On Saturday, the 26-year-old celebrated his elevation to the new ball by laying waste to India's batting in the World Cup Group A match at Centurion.
Lee took two for 17 in a hostile six-over bombardment to set the tone of a one-sided game. He returned to finish with three for 36 as India crumbled to 125 all out.
But for some streaky shots by the tail-enders, his statistics would have looked even prettier.
Lee's showing vindicated the faith captain Ricky Ponting placed in him by asking him to open proceedings with Glenn McGrath.
Lee, who vies with Pakistan's Shoaib Akhtar for the tag as the world's fastest bowler, was almost unplayable, mixing short balls with yorkers and swinging deliveries.
Former Australia fast bowler Jeff Thomson had nothing but praise.

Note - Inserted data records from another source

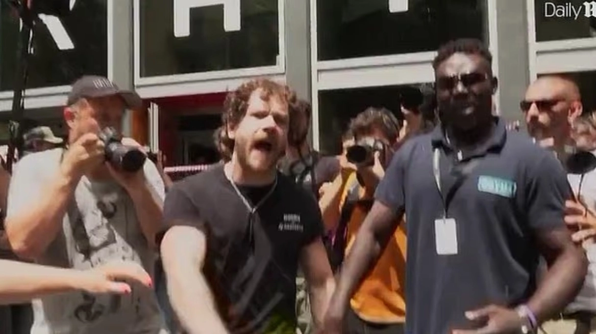 Στο βίντεο της Daily Mail, φαίνεται ο εξαγριωμένος υπάλληλος να βρίζει, να φτύνει και έπειτα να επιτίθεται στους διαδηλωτές, φωνάζοντας ότι «απλά δουλεύει», μη διστάζοντας να κόψει την ταινία.
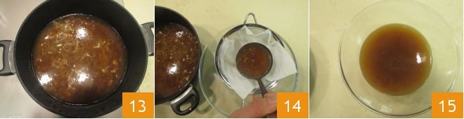 Pasado el tiempo necesario 13, colocad un papel alimentario de trama fina sobre un colador. Alternativamente, podéis utilizar una gasa de uso alimentario. Usando un cucharón, retirad solo la parte líquida, reservando el jamón y el chalote que servirán posteriormente, y vertedla en el colador 14 para filtrarla. Tan pronto como obtengáis todo el caldo 15, guardadlo en el frigorífico durante las siguientes 24 horas y mientras tanto preparad el polvo de jamón.
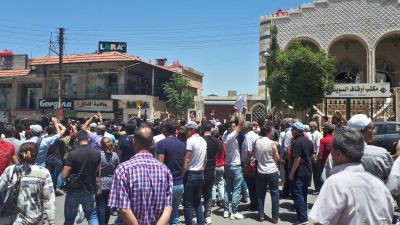 ورفع هؤلاء لافتات طالبت بإسقاط النظام السوري، وأطلقوا شعارات نددوا فيها بـ"سياسات السلطة الفاشلة، التي أدت إلى تدهور حاد في الأوضاع المعيشية".
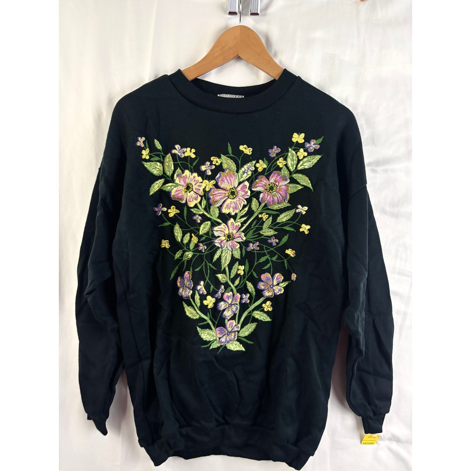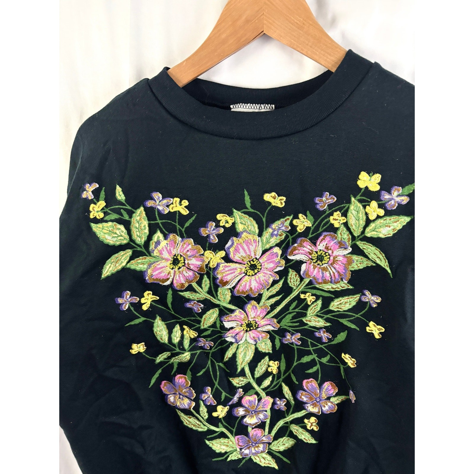 как выглядит Vtg 90s Black Hand-Painted Floral Sweatshirt Gold Shimmer Grandma Core M USA фото

"Lee has just bowled better and better this season," said Thomson, himself regarded as one of the fastest bowlers in history.

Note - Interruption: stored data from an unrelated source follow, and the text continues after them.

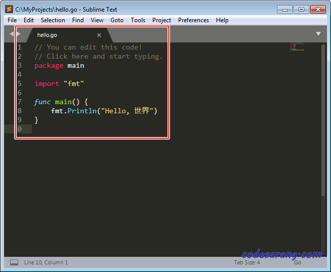 Sublime Text는 Go 언어뿐만 다양한 프로그래밍 언어를 편집하기 매우 편리한 도구이다. 우선, 아래와 같은 샘플 코드가 있다고 치자.
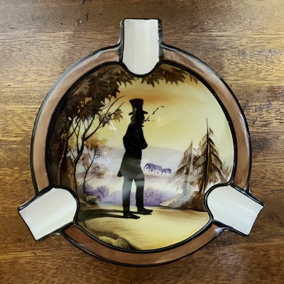 米国輸出用に作られたオールドノリタケの灰皿で 絵柄はすべてハンドペイントです 黒の縁取りや煙草を吸う男性をシルエットで描いているあたりは いかにもアールデコ 男性が単独でモチーフになっているのは珍しいかもしれません
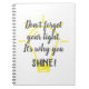 No olvides tu luz. ¡Es por eso que BRILLAS! Difunde tu positividad a un nuevo escritor o estudiante. Este cuaderno es muy edificante, alegre y positivo garantizado para poner una sonrisa en la cara de alguien.
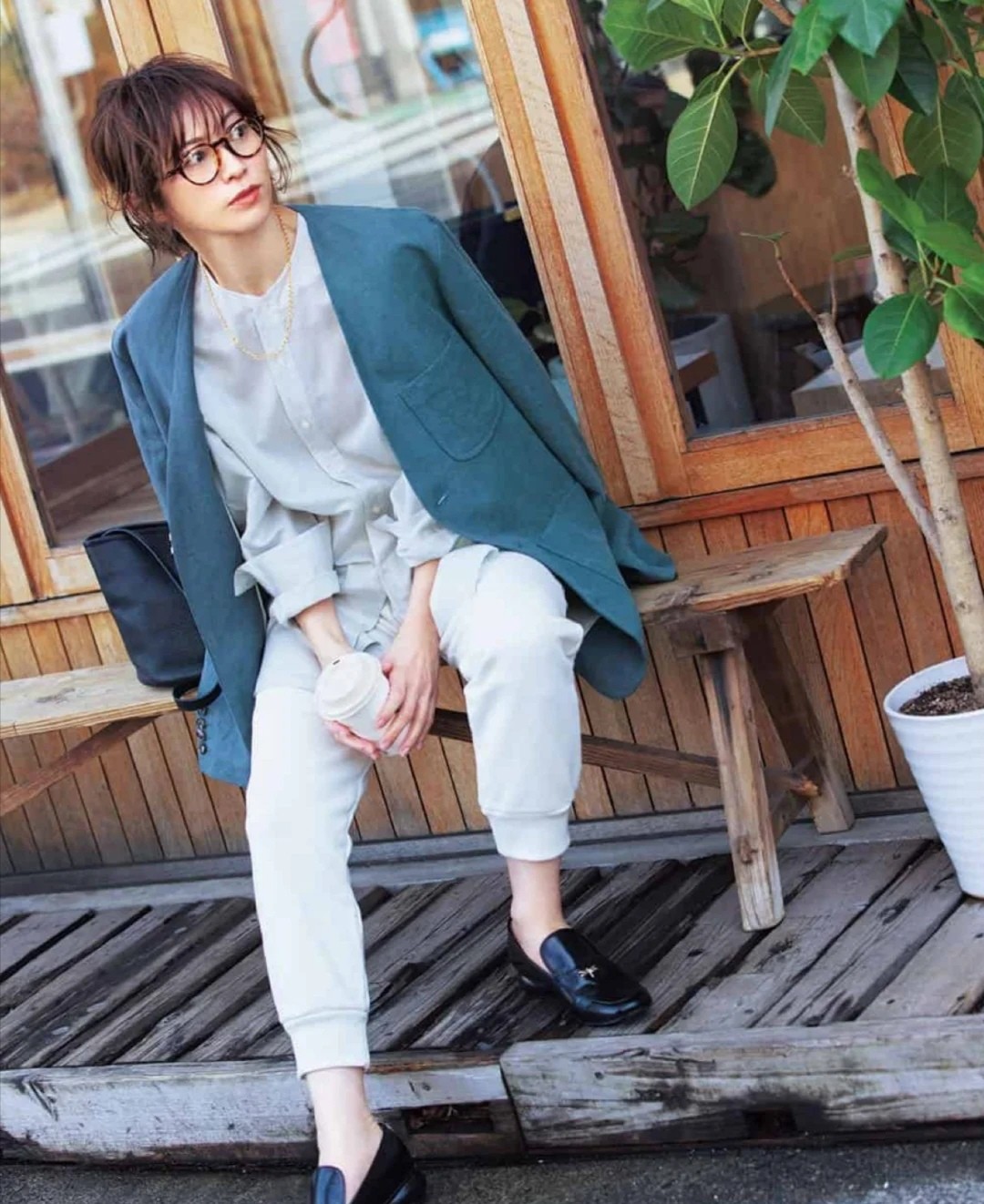 湖水蓝色的小西装,它有冷色调得清爽,属于质感很高的单品。要想利用它完成通勤穿搭,里面可以叠加一件白色T恤或是白色衬衫,而后者形成的干练感会更明显。加上白色束脚裤的配合,就会营造些许休闲感。最后脚踩一双黑色乐福鞋,和束脚裤的契合度很高。

"Lee has thought about what he is bowling rather than just run in and bowl fast. He is bowling a better length, he is sharp, charging in and he is fit."
Despite his sheer pace, Lee had struggled for a permanent one-day slot until late last year. He was simply too expensive and a luxury.

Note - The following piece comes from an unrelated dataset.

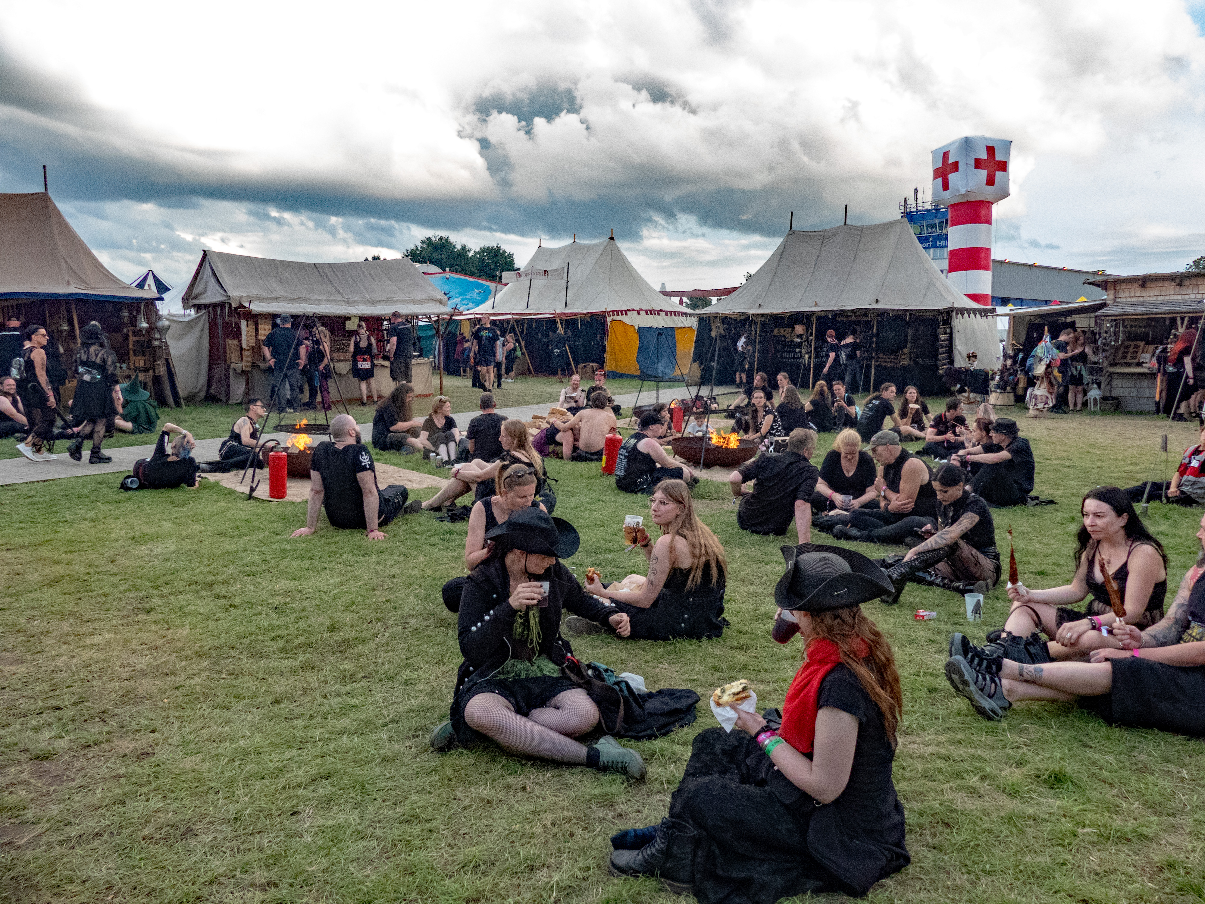 Ein Festivalbericht ist dem Ziel verpflichtet, ein Bild des Geschehens vor Ort zu entwerfen und, soweit möglich, dessen Stimmung einzufangen, und zwar für Daheimgebliebene wie für Besucher gleichermaßen. Was daher an dieser Stelle auch ausdrücklich Erwähnung finden muss, ist ein Umstand, der das M´era Luna klar aus der Masse heraushebt und gefühlt wirklich zu etwas Besonderem macht: das ganze Festival ist geprägt von einer Höflichkeit, Toleranz und gegenseitigen Rücksichtnahme, die nicht nur auf Festivals ihresgleichen sucht. Hier wird nicht gepöbelt, gedrängelt, ausgegrenzt oder blöde angemacht. Diversität, Body Positivity, Inklusivität, Toleranz – all die Dinge, um die an anderer Stelle ein irrsinniger Wirbel mit oft fragwürdigem Ergebnis gemacht wird, werden hier einfach mit stilschweigender Selbstverständlichkeit und ohne großes Bohei gelebt, ein jeder darf hier sein wie er nun mal ist und nach seiner Fasson glücklich werden. Im Herzen ist die Schwarze Szene ziemlich bunt: jeder wird gleichermaßen respektvoll behandelt, unabhängig von Alter, Geschlecht / Gender, ethnischer, kultureller oder religiöser Zugehörigkeit, Kleidergröße, Erscheinungsbild oder Musikgeschmack, und das ganz ohne Vorschriften oder Schwingen der Moralkeule. Es herrscht die unausgesprochene Übereinkunft, dass alle sich wohlfühlen sollen und nach dieser Maxime verhält man sich auch. Vielleicht braucht die Welt einfach ein bisschen mehr M´era Luna?

Modest form since his comeback from elbow surgery in early 2001 also saw him sit out the first two Ashes tests against England.
On his return, though, he looked a different bowler.
Lee also took 18 wickets to inspire Australia's victory in the one-day tournament which followed and was named man of the series.
England and Sri Lanka simply couldn't stomach his pace and new-found accuracy and India added themselves to that list of sufferers on Saturday.
Lee's sudden transformation from mere pace machine to consistent wicket-taker has pleased Ponting.
"The work Brett has done in the last 12 months in all cricket suggests he is improving all the time," he said.
"His one-day bowling in Australia was fantastic. He did a job with the new ball and at the death and he has learnt a lot about what it takes to be a good one-day bowler.
"He has got smarter all the time and he is executing what he can do. Better and better all the time."
Lee's improved success rate has not meant any let-up in his pace as he showed on Saturday by consistently clocking around 150 kph.
The most frightening thing about Lee on Saturday was that even his bad balls turned out good.
Sourav Ganguly and Virender Sehwag were both dismissed after snicking wide, short deliveries behind.
After being tied down by Lee's accuracy, they both felt they had to attack the bad ball only to find themselves beaten for pace and unable to get their feet into position in time.